I’ve been trying to replicate the best Shepherd’s Pie I ever had the pleasure of eating; I had it while I was in London a few years ago.  This isn’t exactly it, since the one I ate had chunks of lamb, but it’s close enough in flavour to have made me smile.  A very large smile.

If you have a meat and potatoes lover in your household, I can guarantee that they will really enjoy this dish!  If you are faint of heart in the lamb department, just substitute some ground beef.


Shepherd's Pie aka Cottage Pie (if made with beef)
Shepherd's Pie is the name of this dish if it is made with lamb or mutton, since the association of the shepherd with his sheep. It's Cottage Pie if it is made with beef or any other meat. This wisdom according to Wikipedia, but you just call it what you want.
Recipe type: Main Dish
  • 2 pounds ground lamb
  • 2 large carrots, peeled, diced
  • 1 large onion, peeled, diced
  • 1 sweet red pepper, diced
  • 1 tablespoon Herbes de Provence
  • ¼ teaspoon sage
  • 1 teaspoon garlic powder
  • salt and pepper to taste
  • 4 tablespoons all-purpose flour
  • ½ cup brandy
  • ¼ cup port wine
  • 2 cups beef stock
  • 2 cups sweet green peas, uncooked (frozen work great here and no need to thaw)
  • 4 medium russet potatoes, peeled, diced and cooked in salted water
  • 2 tablespoons butter, melted
  • 4 tablespoons sour cream
  • ¼ cup cream
  • 1 ounce Asiago cheese, micro-planed
  • pepper, to taste
  1. In a large skillet, brown the ground lamb over medium heat, breaking the lamb up as it cooks.
  2. Once browned, using a slotted spoon, remove the cooked lamb to a bowl and set aside.
  3. Drain all but about 1 tablespoon of the fat from the skillet.
  4. Add the carrots, onion, red pepper.
  5. Sprinkle with the Herbes de Provence, sage, garlic powder and salt and pepper.
  6. Saute until the vegetables are slightly soft, about 6 minutes.
  7. Sprinkle the flour over the carrots, onions and peppers and continue to cook for about 4 minutes.
  8. Add the brandy, port and beef stock and stir.
  9. Add the browned lamb back into the vegetable and stock mixture.
  10. Allow to cook until the gravy formed by the stock and flour has thickened.
  11. Remove from heat and allow to cool.
  12. Once cool, add the frozen peas.
  13. Transfer the meat and vegetable mixture to a greased casserole dish.
  14. Put the cooked potatoes through a ricer into a large bowl, or mash in the method you prefer.
  15. Add the butter, sour cream, cream, Asiago cheese and pepper and stir to mix. You will want the potatoes to be a bit on the stiff side.
  16. Either pipe or spread the potatoes over the top of the meat/vegetable mixture.
  17. Bake in a 350 F oven until bubbling and the potatoes are browned on top. You may need/want to turn on the broiler for few minutes to finish them nicely.

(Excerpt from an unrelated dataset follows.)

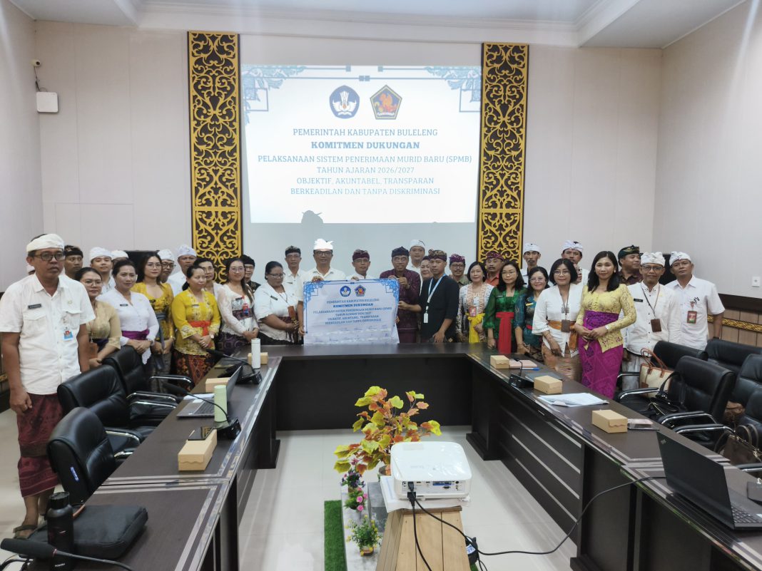 SINGARAJA, The East Indonesia – Pemerintah Kabupaten Buleleng melalui Dinas Pendidikan, Pemuda dan Olahraga (Disdikpora) terus memperkuat komitmen dalam menghadirkan sistem penerimaan peserta didik yang adil dan transparan. Hal tersebut ditegaskan dalam kegiatan Sosialisasi Sistem Penerimaan Murid Baru (SPMB) Tahun Ajaran 2026/2027 yang dirangkaikan dengan penandatanganan komitmen bersama lintas sektor, bertempat di Ruang Rapat Bappeda Kabupaten Buleleng, Rabu (16/4).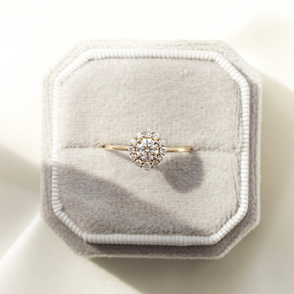 This Flora Moissanite & Diamond Cluster Ring by Carrie Elizabeth is an exquisite vintage-inspired piece, designed as part of the Written in the Stars collection. The center features a brilliant moissanite stone surrounded by a cluster of sparkling diamonds, set in luxurious 14k solid yellow gold. This ring is a timeless symbol of love and commitment, perfect for engagements or special occasions. The moissanite’s brilliance and the diamonds’ sparkle make it a showstopper for any setting.

Diced carrots, onion and sweet red pepper…

Allowing the gravy to thicken…

Meat thickened, peas added, in the casserole…

Mashed potatoes ready for the pastry bag for piping…

Ready for the oven…

Hot out of the oven…beautifully browned potatoes…



About P ~ The Saucy Southerner

I started cooking when I was ten years old. For me, the process of cooking, from inception of a dish, to the execution, to the washing of the pots is sheer delight. I am now retired from a business I still own, in partnership with my husband. I used to work six days a week and still cook every night. Now, I'm gardening, still cooking, always having fun and hoping to share my joy with you. Thank you for reading...and commenting! P~
This entry was posted in Entrée, Meats, Savory Pies, Vegetables. Bookmark the permalink.

2 Responses to Shepherd’s Pie aka Cottage Pie

  1. Becky says:

    Geez…Dad was right: You learn something new every single day…IF you pay attention! And P., you have enlightened me! Shepherd’s Pie…LAMB. Shepherd…Lamb…Flock…Hillside…Sheepdog…Geez! It has all come together, and now I know why it is called Shepherd’s Pie. How absolutely COOOL is that???!